TASK GOAL ▸ Exactly the lines below from the line with "Welcome to 2221" through the line with "Lo primero que" must make up the answer, both ends included and pictures left out.

GIVEN RECORDS ▸

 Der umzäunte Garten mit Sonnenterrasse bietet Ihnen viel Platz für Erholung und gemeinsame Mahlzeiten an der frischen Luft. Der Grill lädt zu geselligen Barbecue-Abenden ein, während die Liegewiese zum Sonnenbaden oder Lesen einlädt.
==
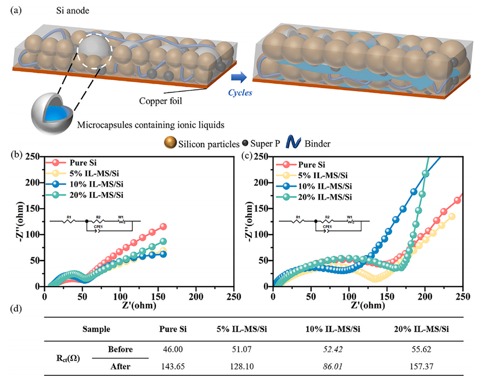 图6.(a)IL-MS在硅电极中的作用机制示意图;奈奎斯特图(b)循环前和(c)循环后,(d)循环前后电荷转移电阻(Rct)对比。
==
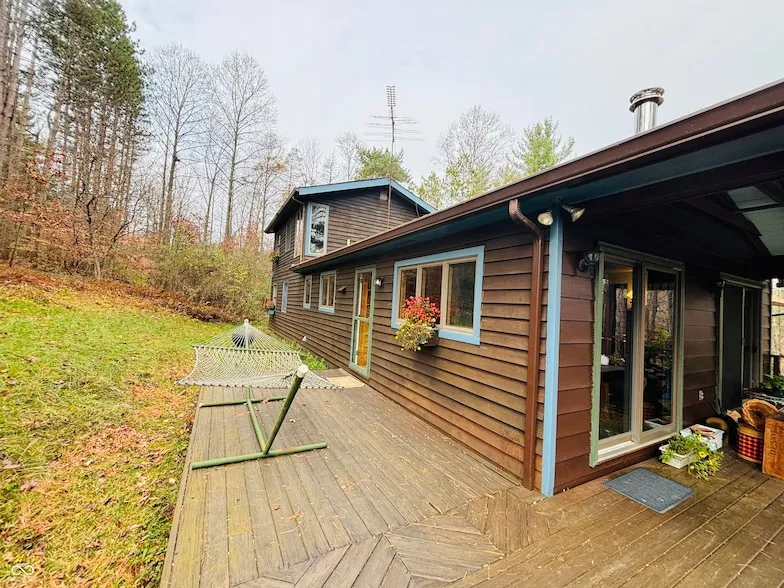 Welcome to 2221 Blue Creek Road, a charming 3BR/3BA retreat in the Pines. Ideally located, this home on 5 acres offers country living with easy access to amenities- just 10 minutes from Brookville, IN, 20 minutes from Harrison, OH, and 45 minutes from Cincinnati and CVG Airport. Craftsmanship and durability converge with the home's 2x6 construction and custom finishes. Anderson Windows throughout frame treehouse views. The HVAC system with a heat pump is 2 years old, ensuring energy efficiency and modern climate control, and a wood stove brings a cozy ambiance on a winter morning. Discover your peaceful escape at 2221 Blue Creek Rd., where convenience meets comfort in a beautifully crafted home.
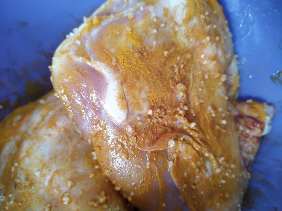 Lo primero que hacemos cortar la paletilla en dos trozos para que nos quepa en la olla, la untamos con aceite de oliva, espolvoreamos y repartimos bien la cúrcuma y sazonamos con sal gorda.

OUTPUT OF THE TASK ▸
 Welcome to 2221 Blue Creek Road, a charming 3BR/3BA retreat in the Pines. Ideally located, this home on 5 acres offers country living with easy access to amenities- just 10 minutes from Brookville, IN, 20 minutes from Harrison, OH, and 45 minutes from Cincinnati and CVG Airport. Craftsmanship and durability converge with the home's 2x6 construction and custom finishes. Anderson Windows throughout frame treehouse views. The HVAC system with a heat pump is 2 years old, ensuring energy efficiency and modern climate control, and a wood stove brings a cozy ambiance on a winter morning. Discover your peaceful escape at 2221 Blue Creek Rd., where convenience meets comfort in a beautifully crafted home.
 Lo primero que hacemos cortar la paletilla en dos trozos para que nos quepa en la olla, la untamos con aceite de oliva, espolvoreamos y repartimos bien la cúrcuma y sazonamos con sal gorda.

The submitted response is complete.